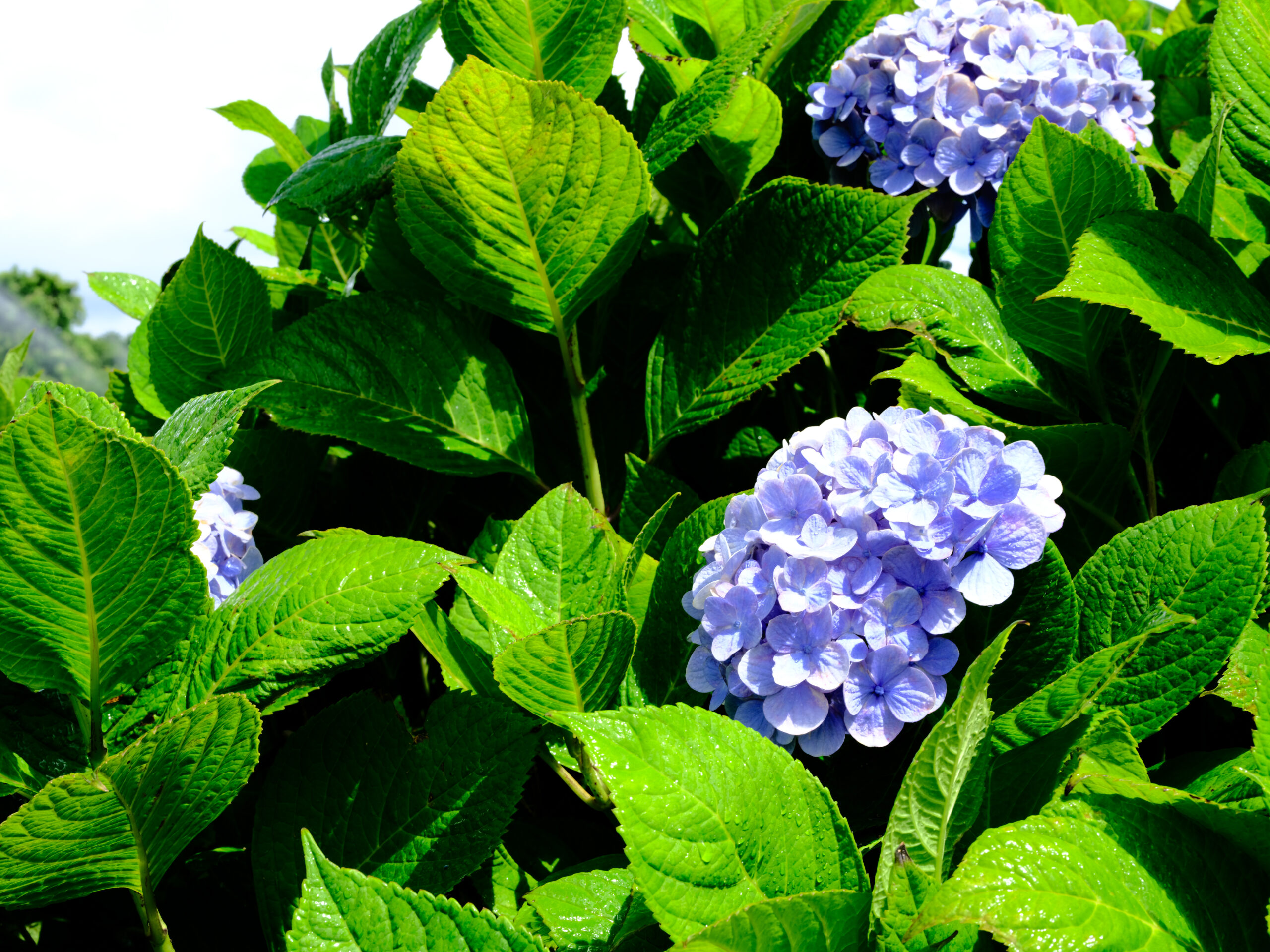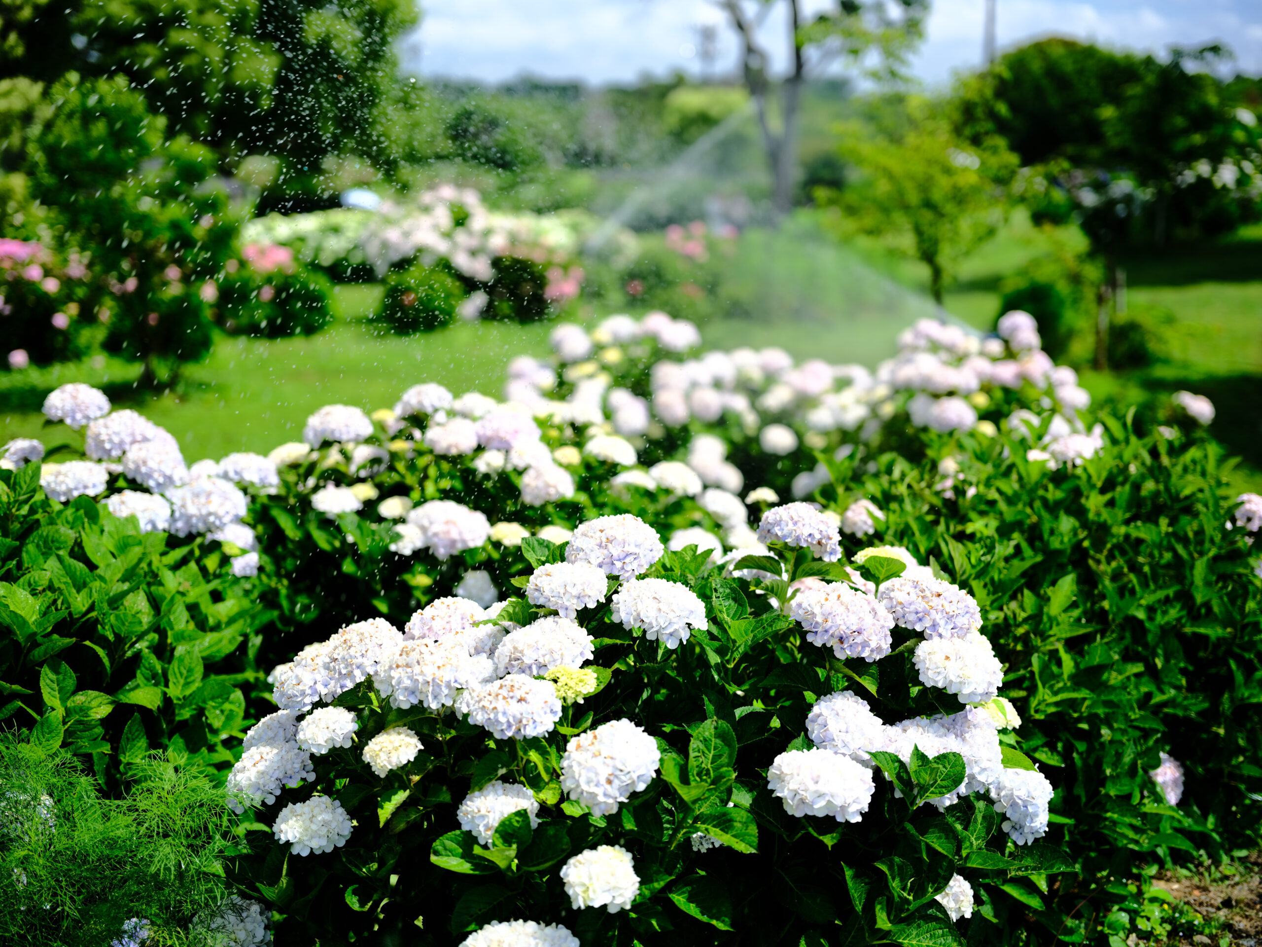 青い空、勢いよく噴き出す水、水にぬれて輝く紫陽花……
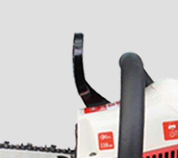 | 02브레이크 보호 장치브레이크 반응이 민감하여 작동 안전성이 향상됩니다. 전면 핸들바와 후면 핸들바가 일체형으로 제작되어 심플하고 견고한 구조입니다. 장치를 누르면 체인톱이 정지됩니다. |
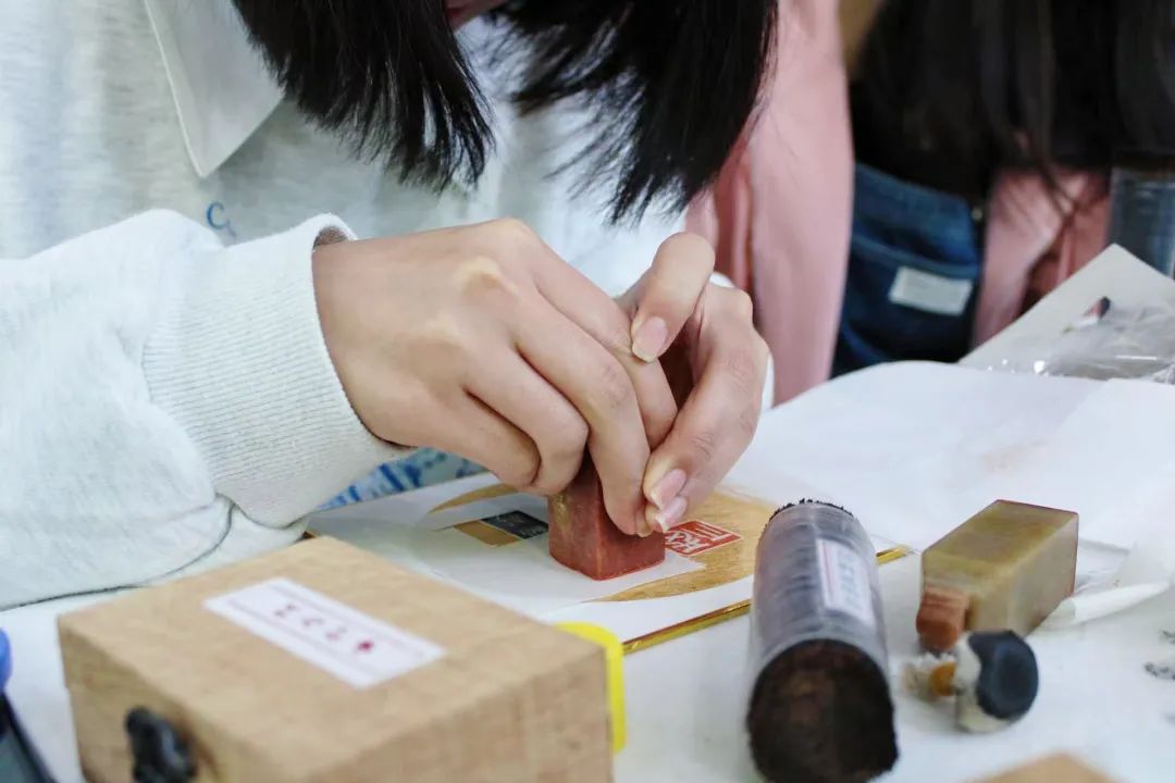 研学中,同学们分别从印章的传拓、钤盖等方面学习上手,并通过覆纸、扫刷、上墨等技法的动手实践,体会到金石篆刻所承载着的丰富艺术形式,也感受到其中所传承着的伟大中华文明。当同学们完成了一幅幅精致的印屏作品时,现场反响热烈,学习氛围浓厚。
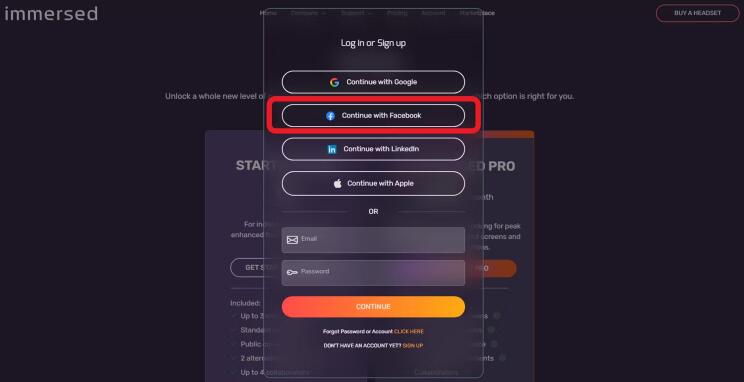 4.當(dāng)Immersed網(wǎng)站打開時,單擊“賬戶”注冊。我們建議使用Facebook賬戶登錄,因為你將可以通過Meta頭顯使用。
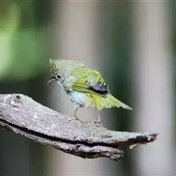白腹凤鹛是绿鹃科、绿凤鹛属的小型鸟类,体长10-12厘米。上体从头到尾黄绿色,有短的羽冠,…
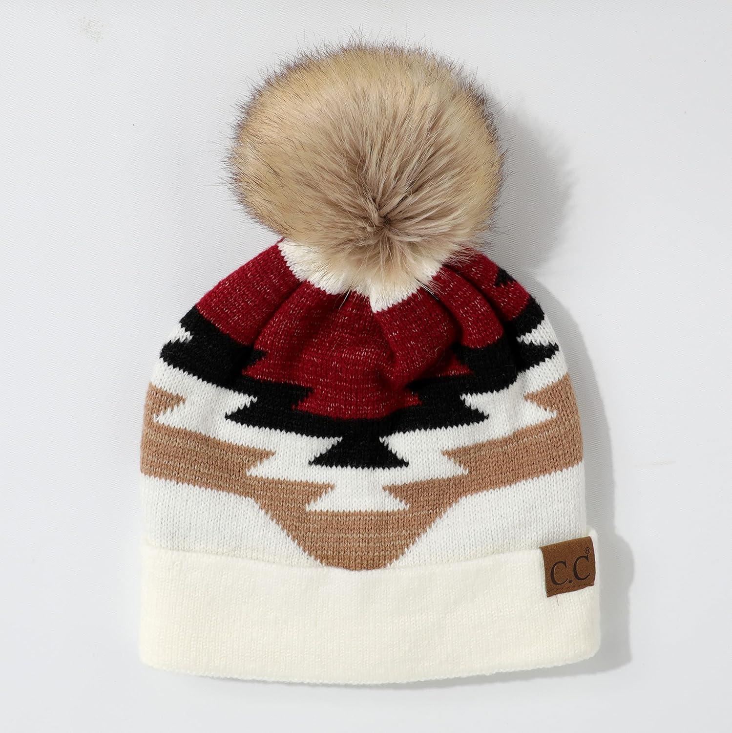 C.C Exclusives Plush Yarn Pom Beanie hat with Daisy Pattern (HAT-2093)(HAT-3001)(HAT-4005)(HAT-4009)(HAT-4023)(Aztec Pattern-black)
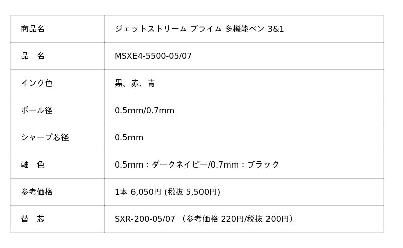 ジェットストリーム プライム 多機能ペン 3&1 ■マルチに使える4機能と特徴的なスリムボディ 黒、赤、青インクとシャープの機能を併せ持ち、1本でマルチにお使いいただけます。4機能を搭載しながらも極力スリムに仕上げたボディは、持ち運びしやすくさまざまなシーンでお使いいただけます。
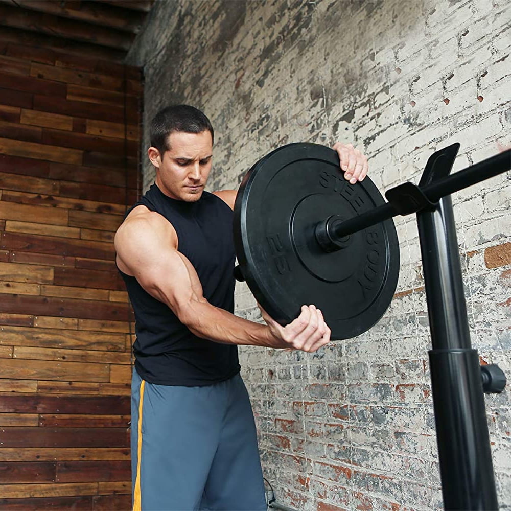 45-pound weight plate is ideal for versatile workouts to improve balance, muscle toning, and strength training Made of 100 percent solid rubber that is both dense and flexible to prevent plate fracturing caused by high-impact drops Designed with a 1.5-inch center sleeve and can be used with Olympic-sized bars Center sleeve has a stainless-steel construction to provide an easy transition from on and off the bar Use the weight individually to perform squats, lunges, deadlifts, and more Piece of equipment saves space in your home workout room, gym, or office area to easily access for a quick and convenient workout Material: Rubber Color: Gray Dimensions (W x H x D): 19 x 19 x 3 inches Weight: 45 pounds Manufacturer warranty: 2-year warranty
+===+
With the pictures omitted, print the lines above exactly, beginning at the line with "白腹凤鹛是绿鹃科、绿凤鹛属的" and going on through the line with "ジェットストリーム プライム 多機能ペン".

§ **Finished task**
白腹凤鹛是绿鹃科、绿凤鹛属的小型鸟类,体长10-12厘米。上体从头到尾黄绿色,有短的羽冠,…
 C.C Exclusives Plush Yarn Pom Beanie hat with Daisy Pattern (HAT-2093)(HAT-3001)(HAT-4005)(HAT-4009)(HAT-4023)(Aztec Pattern-black)
 ジェットストリーム プライム 多機能ペン 3&1 ■マルチに使える4機能と特徴的なスリムボディ 黒、赤、青インクとシャープの機能を併せ持ち、1本でマルチにお使いいただけます。4機能を搭載しながらも極力スリムに仕上げたボディは、持ち運びしやすくさまざまなシーンでお使いいただけます。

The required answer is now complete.